Keāhole Point is the westernmost point of the island of Hawaiʻi. The Kona International Airport was moved here from directly north of the town of Kailua-Kona in 1970, when the previous smaller airstrip was converted into the Old Kona Airport State Recreation Area. The name comes from Ke ʻāhole since the ʻāhole fish (Kuhlia sandvicensis) was found nearby.

Between the airport and the coast lies the Natural Energy Laboratory of Hawaii. Most of the land was formed in 1801 by the Huʻehuʻe lava flow from Hualālai.

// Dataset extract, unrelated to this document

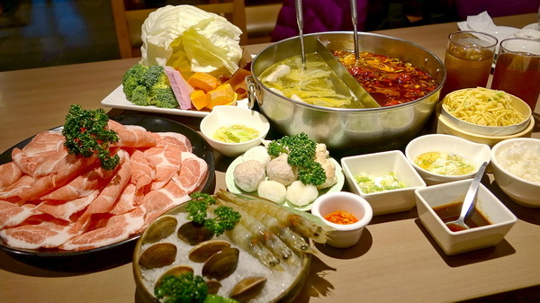 麻辣鴛鴦鍋搭配15oz的頂級豬肉,八個蛤蠣與四隻白蝦,四種不同的丸子,蔬菜盤……這麼豐盛的一餐,加上工作人員的熱情服務,880元值得。

This flow extended the shoreline out an estimated 1 mile, adding some 4 km^{2} of land to the island. The southern part of this point is sometimes referred to as Kalihi Point.

The Ahupuaʻa (ancient name of the community in this area) was Kalaoa, still used by the census.
The site includes a house platform, a walled enclosure, a debris pile with volcanic glass and marine shells, and a larger wall.
Probably the home of a common family, an excavation in 1975 estimated occupation from about 1500 to 1800.
On January 14, 1989, the Kalaoa Permanent House Site was put on the state register of historic places as site number 10-27-10,205. On November 21, 1992, it was added to the National Register of Historic Places as site number 92001552. It was described as site 81 in a 1930 survey by Reinecke, and site 8 in a 1975 survey by Rosendahl & Kirch, and site HA-D15-12 on a state survey. Just south of this area is the area known as Oʻoma.